In October, a fight erupted between a passenger and the driver of a Chongqing bus. In the hubbub, the vehicle swerved across the road and through the barrier of a bridge, falling into the Yangtze River. All 15 people on board perished.
The incident sparked widespread indignation across the country as observers largely blamed the passenger for provoking the fight. It also brought to light some 20 other attacks on bus drivers that occurred in China that year, although none with so high a casualty count.
Against the backdrop of the public outcry, officials took action. “[The] government regulations’ requirements are higher now,” Liang Kun, product manager at Xiamen-based surveillance and security firm Reconova, told TechNode. Passenger aggression towards drivers can now be punished by law, and the installation of “active safety” technology is required on commercial vehicles in addition to public transportation. Some of the new measures could prevent tragedies like the one that happened in Chongqing, Liang believes.
Along with the heightening of regulations surrounding road safety, Reconova has seen more demand for its driver surveillance services, which include facial recognition devices that detect distracted driving as well as machine vision technology that surveys and warns of nearby vehicles and pedestrians.
The six-year-old startup, which completed a Series B last May led by Intel Capital, is part of a larger trend towards machine-assisted driving.
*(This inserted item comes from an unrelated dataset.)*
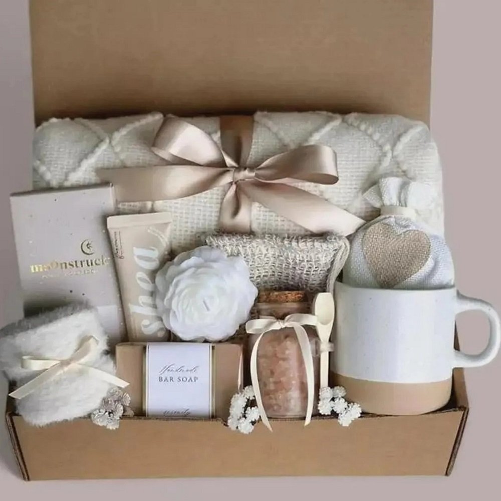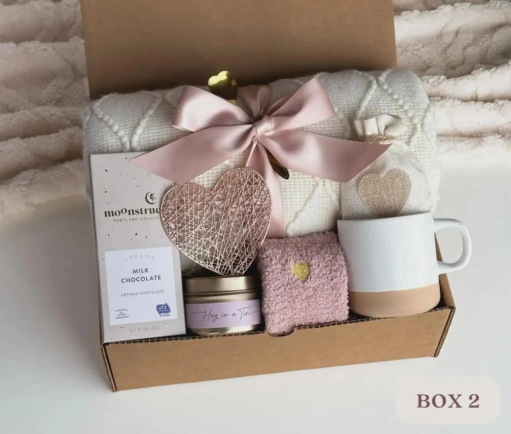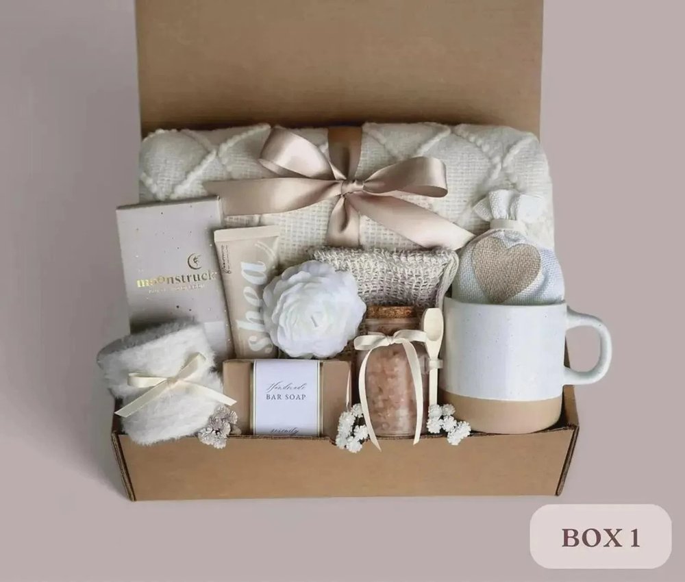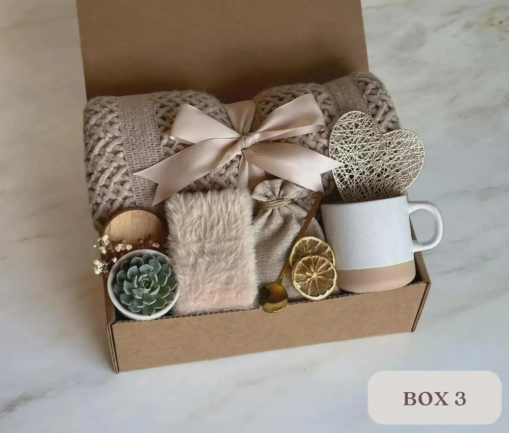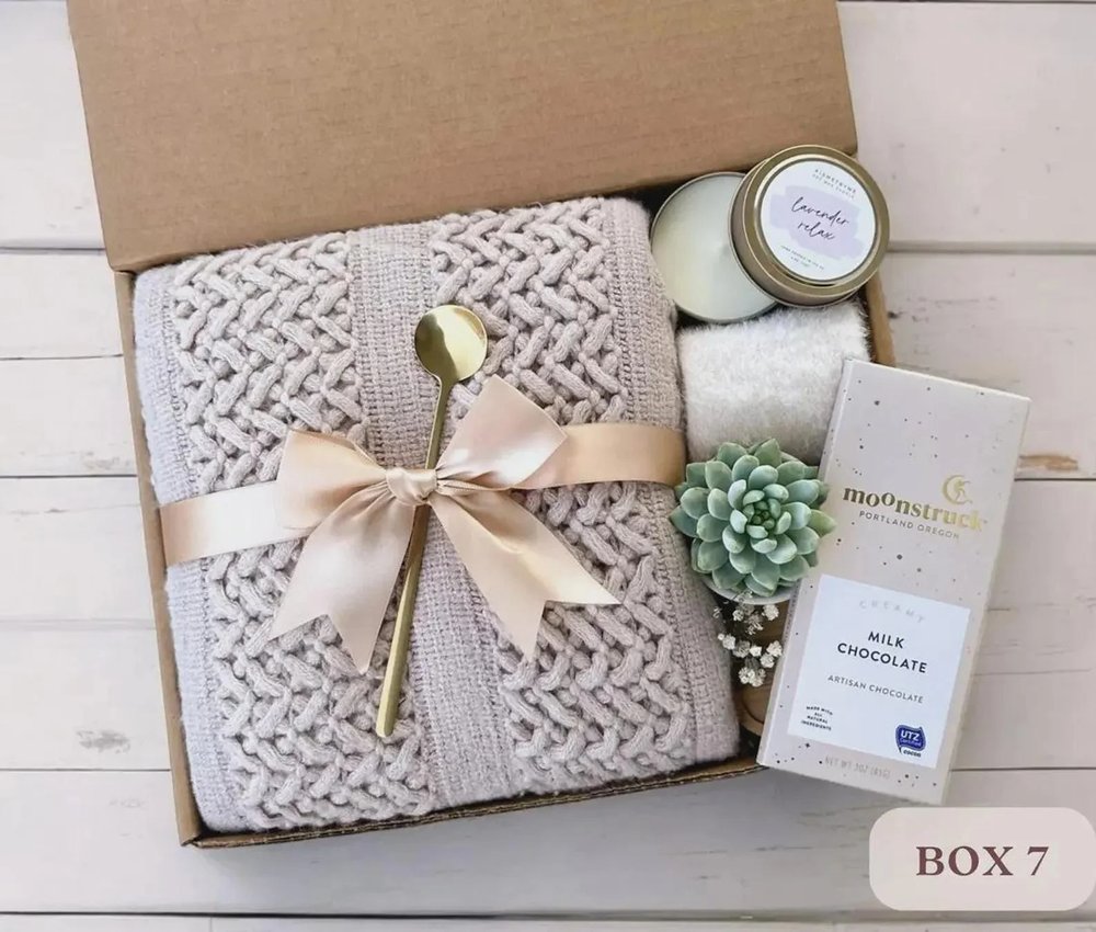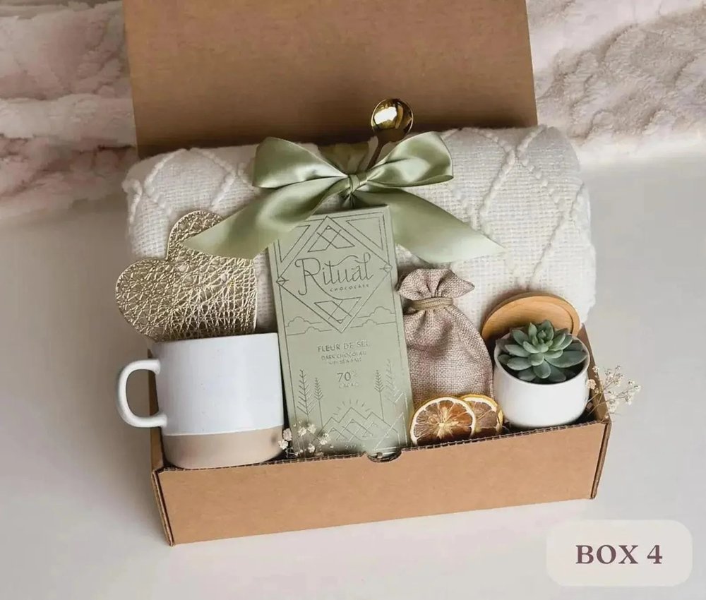 BOX 1: ♥️ White Speckled Mug With Natural Clay Bottom ♥️ Knit Throw Blanket ♥️ Natural Soap ♥️ Soap Bag ♥️ Gourmet Chocolate ♥️ 2 servings of Chai or Herbal Tea in a cute Burlap Bag. ♥️ Velvet Fuzzy Socks ♥️ Rose Shaped Candle ♥️ Bath Salt in a bottle ♥️ Shea Hand Cream BOX 2: ♥️ Knit Throw Blanket (50x70) ♥️ Ceramic Speckled Mug ♥️ Heart Embroidered Fuzzy Socks ♥️ Hug in a Tin Hand-poured Lavender Soy Candle ♥️ Gourmet Chocolate ♥️ 2 servings of Herbal Tea in a cute Burlap Bag. ♥️ Heart Shaped Coaster ♥️ Gold Spoon BOX 3: ♥️ Boho Taupe Knit Blanket ♥️ Beige Fuzzy Socks (one size fits most) ♥️ White Speckled Ceramic Mug ♥️ 2" Live Succulent w Ceramic Pot ♥️ 2 Servings of Herbal tea in bag ♥️ Gold Spoon ♥️ Heart Coaster BOX 4: ♥️ Throw Blanket (50x70") ♥️ Ribbed Mug OR Clay Mug ♥️ 2 servings of Chai or Herbal Tea in a cute Burlap Bag. ♥️ Mini Cute Succulent with Ceramic Pot (2.5 inches). ♥️ Gourmet Chocolate

As applications for fully-autonomous vehicle technology–for consumers, at least–proceed relatively slowly, this particular sector is accelerating, with a growing number of players, including artificial intelligence (AI) giants Sensetime and Baidu, entering the market. As a result, increased surveillance of drivers could significantly reduce the likelihood of accidents; however, it also raises certain security risks as well as potential concerns over privacy.
Eyes on road safety
On a sunny afternoon in Shenzhen, Guangdong province, TechNode joined Liang for a spin in a Reconova test vehicle. Inside five cameras were plastered in a straight line down the van’s windshield, each one able to detect movements by nearby vehicles. Another device above and to the left of the steering wheel was pointed directly at the driver’s face, checking for signs of drowsiness, phone use, or smoking.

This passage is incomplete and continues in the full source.